Additionally, other personality traits may interact with conscientiousness and affect health processes. Neuroticism has been shown to be a strong predictor of mortality and disease (Jerram & Coleman, 1999; Roberts et al., 2007). Specifically, neuroticism is associated with increases in worry and anxiety that may have detrimental effects on the immune system (Kiecolt-Glaser, McGuire, Robles, & Glaser, 2002). Moreover, neuroticism and increases in neuroticism are known to predict mortality in old age (Mroczek & Spiro, 2007). However, some evidence suggests that neuroticism could also have beneficial effects. For example, being anxious about one’s health may lead to activities that promote good health and safeguard against poor health (Lee, Wadsworth, & Hotopf, 2006). Because neuroticism could be beneficial if it led people to be more attuned to and responsible for their health, we hypothesized that being both high in conscientiousness and high in neuroticism could enhance one’s health. The open question was whether the health of one’s spouse also benefits.

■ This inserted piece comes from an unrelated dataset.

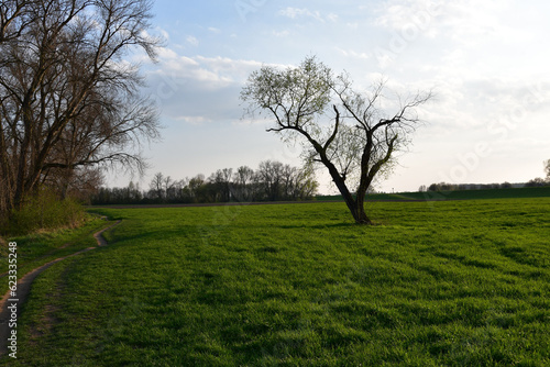 Obraz premium Bare tree in a green field under a light cloudy sky

In the present study, we tested these hypothesized pathways using data from the HRS. First, we tested for a direct effect of conscientiousness on health. Next, we investigated the idea of compensatory conscientiousness by testing whether the conscientiousness of a participant’s partner predicted the participant’s self-reported health above and beyond the participant’s own conscientiousness. In order to account for the interdependencies within couples and to determine the unique effects of each partner, we used the actor-partner interaction model (APIM; Campbell & Kashy, 2002; Kenny, Kashy, & Cook, 2006). The APIM examines the influence of each participant’s personality on his or her own health (actor effect), as well as the effect of the personality of the actor’s spouse on the actor’s health (partner effect). We then tested for a synergistic effect between partner and actor conscientiousness. We also tested both actor and partner effects of neuroticism on health. To test whether being both high in conscientiousness and high in neuroticism leads to better health, we tested the interaction between actor neuroticism and actor conscientiousness. We also tested for an interactive effect of partner neuroticism and partner conscientiousness on the actor’s health.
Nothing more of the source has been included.